Running racer on 2.5.59-66-g47cde80 with MDSCOUNT=4 and file_create.sh modified to do fewer writes.

[ 2383.017816] LustreError: 16406:0:(lu_object.h:852:lu_object_attr()) ASSERTION( ((o)->lo_header->loh_attr & LOHA_EXISTS) != 0 ) failed: 
[ 2383.020138] LustreError: 16406:0:(lu_object.h:852:lu_object_attr()) LBUG
[ 2383.021290] Pid: 16406, comm: mdt00_002
[ 2383.021909] 
[ 2383.021910] Call Trace:
[ 2383.022612]  [<ffffffffa02be8c5>] libcfs_debug_dumpstack+0x55/0x80 [libcfs]
[ 2383.023915]  [<ffffffffa02beec7>] lbug_with_loc+0x47/0xb0 [libcfs]
[ 2383.025200]  [<ffffffffa0bc6e8b>] mdd_migrate_entries+0xffb/0x1100 [mdd]
[ 2383.026503]  [<ffffffffa0bc7af7>] mdd_migrate+0xb67/0x13d0 [mdd]
[ 2383.027666]  [<ffffffffa0afc61b>] ? osd_object_read_unlock+0x8b/0xd0 [osd_ldiskfs]
[ 2383.029154]  [<ffffffffa0c25c78>] mdt_reint_migrate_internal+0x15c8/0x1b40 [mdt]
[ 2383.030578]  [<ffffffff815547cb>] ? _spin_unlock+0x2b/0x40
[ 2383.031524]  [<ffffffffa0c299d3>] mdt_reint_rename_or_migrate+0x2a3/0x660 [mdt]
[ 2383.032776]  [<ffffffffa0c03c95>] ? mdt_ucred+0x15/0x20 [mdt]
[ 2383.033739]  [<ffffffffa0c1e4cc>] ? mdt_root_squash+0x2c/0x3f0 [mdt]
[ 2383.034849]  [<ffffffffa06b7026>] ? __req_capsule_get+0x166/0x6e0 [ptlrpc]
[ 2383.035986]  [<ffffffffa0c29da3>] mdt_reint_migrate+0x13/0x20 [mdt]
[ 2383.037045]  [<ffffffffa0c223e1>] mdt_reint_rec+0x41/0xe0 [mdt]
[ 2383.038083]  [<ffffffffa0c07e43>] mdt_reint_internal+0x4c3/0x7c0 [mdt]
[ 2383.039234]  [<ffffffffa0c086cb>] mdt_reint+0x6b/0x120 [mdt]
[ 2383.040228]  [<ffffffffa06f0a85>] tgt_request_handle+0x245/0xad0 [ptlrpc]
[ 2383.041371]  [<ffffffffa06a18d1>] ptlrpc_main+0xce1/0x1970 [ptlrpc]
[ 2383.042435]  [<ffffffffa06a0bf0>] ? ptlrpc_main+0x0/0x1970 [ptlrpc]
[ 2383.043468]  [<ffffffff8109eab6>] kthread+0x96/0xa0
[ 2383.044261]  [<ffffffff8100c30a>] child_rip+0xa/0x20
[ 2383.045066]  [<ffffffff81554710>] ? _spin_unlock_irq+0x30/0x40
[ 2383.045986]  [<ffffffff8100bb10>] ? restore_args+0x0/0x30
[ 2383.046914]  [<ffffffff8109ea20>] ? kthread+0x0/0xa0
[ 2383.047770]  [<ffffffff8100c300>] ? child_rip+0x0/0x20
[ 2383.048666] 
[ 2383.049141] Kernel panic - not syncing: LBUG

This is from mdd_migrate_entries() line 3473.
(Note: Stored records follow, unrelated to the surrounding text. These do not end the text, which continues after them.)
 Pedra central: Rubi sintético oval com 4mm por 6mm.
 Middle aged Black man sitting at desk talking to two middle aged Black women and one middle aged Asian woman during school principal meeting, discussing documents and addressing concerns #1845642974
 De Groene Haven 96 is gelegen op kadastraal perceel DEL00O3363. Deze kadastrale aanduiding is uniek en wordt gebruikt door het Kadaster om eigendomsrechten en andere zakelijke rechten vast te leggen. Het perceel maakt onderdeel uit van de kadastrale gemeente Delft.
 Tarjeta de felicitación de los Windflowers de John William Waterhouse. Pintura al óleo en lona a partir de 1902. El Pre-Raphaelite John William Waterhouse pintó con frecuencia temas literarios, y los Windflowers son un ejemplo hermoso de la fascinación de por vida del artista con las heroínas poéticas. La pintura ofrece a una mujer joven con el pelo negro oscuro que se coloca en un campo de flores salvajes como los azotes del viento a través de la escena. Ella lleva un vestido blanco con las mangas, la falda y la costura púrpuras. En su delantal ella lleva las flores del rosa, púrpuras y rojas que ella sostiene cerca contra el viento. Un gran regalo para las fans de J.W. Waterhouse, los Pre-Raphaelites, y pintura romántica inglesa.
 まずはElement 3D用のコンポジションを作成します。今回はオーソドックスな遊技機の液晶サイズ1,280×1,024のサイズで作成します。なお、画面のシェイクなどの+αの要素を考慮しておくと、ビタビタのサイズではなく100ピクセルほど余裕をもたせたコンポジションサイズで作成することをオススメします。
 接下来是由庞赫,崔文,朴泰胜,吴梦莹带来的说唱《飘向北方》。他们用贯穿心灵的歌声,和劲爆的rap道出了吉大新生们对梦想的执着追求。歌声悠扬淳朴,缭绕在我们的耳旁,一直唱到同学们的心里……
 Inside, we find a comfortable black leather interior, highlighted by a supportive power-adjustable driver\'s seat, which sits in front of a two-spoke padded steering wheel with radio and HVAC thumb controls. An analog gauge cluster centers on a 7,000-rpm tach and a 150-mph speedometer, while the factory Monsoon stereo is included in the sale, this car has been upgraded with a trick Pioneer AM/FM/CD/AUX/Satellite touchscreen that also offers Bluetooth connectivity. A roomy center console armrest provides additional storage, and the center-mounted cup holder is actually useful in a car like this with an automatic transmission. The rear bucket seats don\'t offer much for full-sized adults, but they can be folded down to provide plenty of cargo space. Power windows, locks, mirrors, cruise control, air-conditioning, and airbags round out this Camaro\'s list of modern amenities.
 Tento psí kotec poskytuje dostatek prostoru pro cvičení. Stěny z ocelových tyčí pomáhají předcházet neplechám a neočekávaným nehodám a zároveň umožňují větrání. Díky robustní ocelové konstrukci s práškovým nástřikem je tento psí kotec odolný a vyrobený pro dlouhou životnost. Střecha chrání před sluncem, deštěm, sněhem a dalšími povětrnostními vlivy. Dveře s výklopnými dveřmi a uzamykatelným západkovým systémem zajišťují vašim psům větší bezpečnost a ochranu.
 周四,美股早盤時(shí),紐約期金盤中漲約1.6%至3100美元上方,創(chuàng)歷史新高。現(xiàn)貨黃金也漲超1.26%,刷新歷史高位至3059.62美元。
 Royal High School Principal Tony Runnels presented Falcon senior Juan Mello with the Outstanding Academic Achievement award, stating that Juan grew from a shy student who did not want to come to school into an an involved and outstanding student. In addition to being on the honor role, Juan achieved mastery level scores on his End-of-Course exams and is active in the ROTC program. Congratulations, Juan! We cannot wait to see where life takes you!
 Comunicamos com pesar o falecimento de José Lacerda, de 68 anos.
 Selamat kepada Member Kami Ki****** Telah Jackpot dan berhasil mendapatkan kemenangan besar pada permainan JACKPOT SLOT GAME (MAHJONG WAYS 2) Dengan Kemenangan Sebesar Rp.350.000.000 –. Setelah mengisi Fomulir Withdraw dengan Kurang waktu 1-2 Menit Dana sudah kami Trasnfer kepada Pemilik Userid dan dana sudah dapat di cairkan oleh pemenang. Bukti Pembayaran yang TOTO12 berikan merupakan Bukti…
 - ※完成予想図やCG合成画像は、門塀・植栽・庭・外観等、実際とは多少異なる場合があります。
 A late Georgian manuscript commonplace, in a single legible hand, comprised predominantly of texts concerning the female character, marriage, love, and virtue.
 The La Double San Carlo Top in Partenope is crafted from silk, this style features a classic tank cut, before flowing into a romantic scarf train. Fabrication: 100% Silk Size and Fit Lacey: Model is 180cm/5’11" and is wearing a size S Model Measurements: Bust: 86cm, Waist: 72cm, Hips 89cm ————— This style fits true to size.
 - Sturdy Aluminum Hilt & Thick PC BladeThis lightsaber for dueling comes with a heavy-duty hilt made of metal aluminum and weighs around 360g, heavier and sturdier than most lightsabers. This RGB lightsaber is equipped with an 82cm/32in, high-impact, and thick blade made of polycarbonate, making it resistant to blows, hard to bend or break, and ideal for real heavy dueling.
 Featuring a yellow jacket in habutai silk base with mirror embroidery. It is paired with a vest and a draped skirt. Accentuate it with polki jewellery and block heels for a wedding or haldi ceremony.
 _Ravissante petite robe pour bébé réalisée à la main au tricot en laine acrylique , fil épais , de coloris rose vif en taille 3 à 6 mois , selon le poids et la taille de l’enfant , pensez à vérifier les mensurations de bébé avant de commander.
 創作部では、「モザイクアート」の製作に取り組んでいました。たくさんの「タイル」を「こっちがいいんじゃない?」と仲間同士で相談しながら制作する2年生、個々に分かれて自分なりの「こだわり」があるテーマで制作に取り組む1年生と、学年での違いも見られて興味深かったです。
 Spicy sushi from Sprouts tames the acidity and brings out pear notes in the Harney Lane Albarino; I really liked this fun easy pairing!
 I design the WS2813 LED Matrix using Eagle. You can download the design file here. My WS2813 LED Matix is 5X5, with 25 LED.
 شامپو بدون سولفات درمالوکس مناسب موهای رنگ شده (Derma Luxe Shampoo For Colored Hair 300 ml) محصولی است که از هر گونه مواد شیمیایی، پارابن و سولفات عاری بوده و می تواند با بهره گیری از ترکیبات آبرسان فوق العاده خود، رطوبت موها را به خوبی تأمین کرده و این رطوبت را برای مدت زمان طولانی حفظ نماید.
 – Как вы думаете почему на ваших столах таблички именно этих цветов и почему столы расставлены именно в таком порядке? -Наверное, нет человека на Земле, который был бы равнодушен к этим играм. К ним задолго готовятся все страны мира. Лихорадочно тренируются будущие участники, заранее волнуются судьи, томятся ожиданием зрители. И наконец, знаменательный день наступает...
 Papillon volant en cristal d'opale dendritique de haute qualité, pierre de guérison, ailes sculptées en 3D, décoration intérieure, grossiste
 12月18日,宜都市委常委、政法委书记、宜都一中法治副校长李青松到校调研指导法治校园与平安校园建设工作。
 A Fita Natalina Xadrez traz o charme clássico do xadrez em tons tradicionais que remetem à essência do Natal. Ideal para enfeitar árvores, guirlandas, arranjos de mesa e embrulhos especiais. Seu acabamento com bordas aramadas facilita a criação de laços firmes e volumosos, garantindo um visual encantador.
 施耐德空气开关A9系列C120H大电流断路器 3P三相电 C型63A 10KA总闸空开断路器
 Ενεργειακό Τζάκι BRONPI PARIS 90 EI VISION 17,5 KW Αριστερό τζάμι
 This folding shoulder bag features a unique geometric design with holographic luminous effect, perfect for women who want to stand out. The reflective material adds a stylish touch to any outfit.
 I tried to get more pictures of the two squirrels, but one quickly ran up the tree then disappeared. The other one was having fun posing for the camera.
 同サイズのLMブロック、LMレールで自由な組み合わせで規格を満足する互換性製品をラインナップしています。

                child = mdd_object_find(env, mdd, &ent->lde_fid);
                if (IS_ERR(child))
                        GOTO(out, rc = PTR_ERR(child));

                is_dir = S_ISDIR(lu_object_attr(&child->mod_obj.mo_lu));


 Comments   
Comment by Andreas Dilger [ 09/Jun/14 ]

Does this have the patch from LU-5069 or is it a new issue?

Comment by John Hammond [ 09/Jun/14 ]

This is on today's master which has that patch. This is a new issue which is not related to rename sanity checking.

Comment by Di Wang [ 10/Jun/14 ]

Hmm, it seems the name entry is a dangling entry, and we probably can skip this name entry during migration. But I am not sure how this dangling entry is created, and not sure it is related with migration or not.

Comment by Di Wang [ 11/Jun/14 ]

Hmm, I did a few test, it seems this related with http://review.whamcloud.com/9538, where it does is_subdir check without ldlm lock protection. Though I am not so sure, since it is not easy to get debug log to analyze it. But I tried to re-write the patch, use lookup(..), instead of is_subdir, it seems fix the LBUG issue, at least I can not reproduce the lbug with the patch http://review.whamcloud.com/10673

Comment by John Hammond [ 11/Jun/14 ]

I cherry-picked http://review.whamcloud.com/10673 onto today's master (2.5.59-79-g5c4573e) and I see the same LBUG with the same stack trace.

Comment by John Hammond [ 11/Jun/14 ]

Regardless of LDLM issues, this FID is coming straight from the disk so we should not be asserting on the existence of the object. I know that some may want to leave this in until they understand the underlying issue but I would prefer to have a less crashy implementation of an already best-effort type operation like migration.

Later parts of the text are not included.